Texas Instruments (Nasdaq: TXN ) , the company that makes chips used in a variety of products ranging from mobiles phones to automobiles, came out with a weak earnings forecast that fell below analyst expectations. The Dallas-based company expects revenue to be in the range of $2.99 billion to $3.11 billion, against analyst estimates of around $3.16 billion. Poor demand for wireless products was cited as the reason. And Texas Instruments isn't the only one to post a weak outlook.
Altera, another chipmaker, has also forecasted lower revenue because of weak sales across all of its business verticals, except for sales to the military.
Blame it on the customers
Texas Instruments won orders from Amazon.com (Nasdaq: AMZN ) in the fourth quarter last year for the supply of Wi-Fi and processor chips. While the company's conference call revealed very little, analysts speculate that it might have something to do with flagging sales of the Kindle Fire tablet, which uses Texas Instruments' OMAP processor.

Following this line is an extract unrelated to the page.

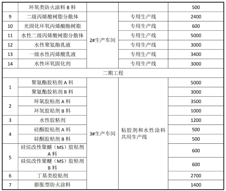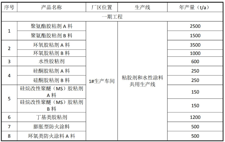 建设内容及规模:本项目建设分二期,一期生产胶粘剂、合成树脂、固化剂及防火涂料 30000 吨,其中粘胶剂、防火涂料年产生产 12600t/a,水性合成树脂及固化剂 17400/a; 二期生产胶粘剂和防火涂料 20000t/a。产品方案如下: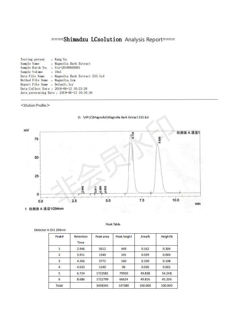 The active component of magnolia officinalis extract is Magnolol and Honokiol,It can be used as an antibacterial agent (gram-negative bacteria and acid-resistant bacteria) and can be used to prevent and treat acne.

But the situation at Amazon is probably not the only reason. Texas Instruments supplies chips to Nokia (NYSE: NOK ) and Research In Motion (Nasdaq: RIMM ) as well. And as you probably know by now, these two companies have not exactly been making big bucks of late. Nokia recently reported fourth-quarter losses amounting to almost $1.4 billion. RIM also slipped into the doldrums, with net profits shrinking by more than 70% in the fiscal third quarter.
The way ahead
The good news is that demand continues to remain upbeat for the rest of the company's businesses. For instance, its network infrastructure and automotive segments have been looking particularly strong of late.
Besides, the company can look forward to a better second quarter as client inventories deplete and order growth returns. Add to this the growing popularity of smartphones and tablets, and Texas Instruments can surely look forward to some good results in the coming months, but that again would be linked to the fortunes of its customers.
The Foolish bottom line
While Texas Instruments' wireless segment is likely to see a slowdown for some time, it should not undermine the company's growth and profitability in the long run. The stock may not have a huge dividend yield, but there are enough reasons to feel optimistic about the company for the year ahead.